What she hadn't expected—or been prepared to accept—was to find her sister engaged to marry Martin Howe in a ceremony that was to take place the following Saturday.
To her further horror, Laurel had expected Maggie to be her maid of honor. The dress had already been made and was hanging in her closet. At Laurel's request, no one had contacted Maggie at college to inform her of the engagement. Her sister had wanted it to be a surprise.
It had been that, all right.
Maggie could not believe it. Throughout their school years Martin had been a bully and a sneak, and both she and Laurel had despised him.

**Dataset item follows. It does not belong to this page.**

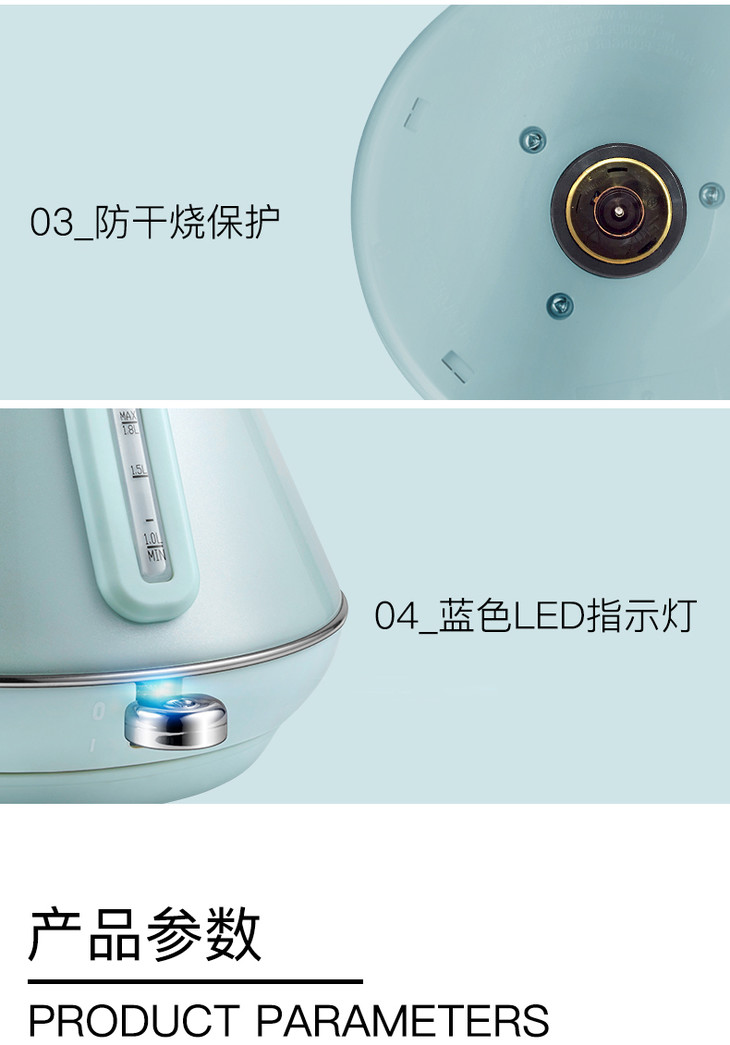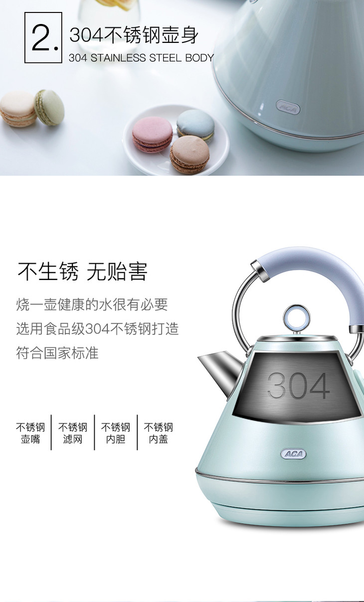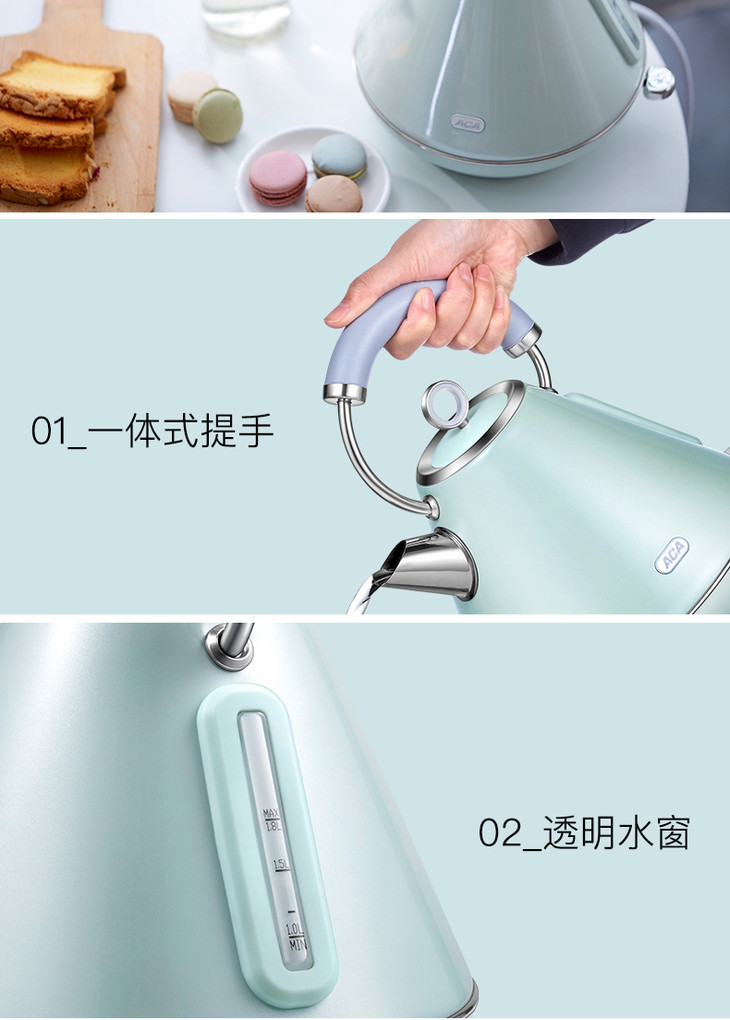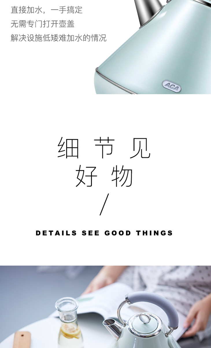 ACA/北美电器 AK-SC18A 电热水壶家用自动断电防干烧不锈钢热水壶

What had happened while she'd been away to change her sister's opinion?
Maggie had tried every argument, every bit of logic, every cajoling plea she could think of to get Laurel to reconsider, but that only resulted in them getting into a terrible shouting match.
It had ended when Maggie stormed out of the house. She'd raced across the back lawn, straight to the gazebo, where she'd paced and railed and shaken her fists at the heavens. She couldn't abide the thought of her sweet sister married to that asshole, Martin. She couldn't!
Ten minutes later, she was still cursing and pacing the gazebo when Martin stomped inside looking like a volcano about to erupt.
"There you are! I thought I'd find you here."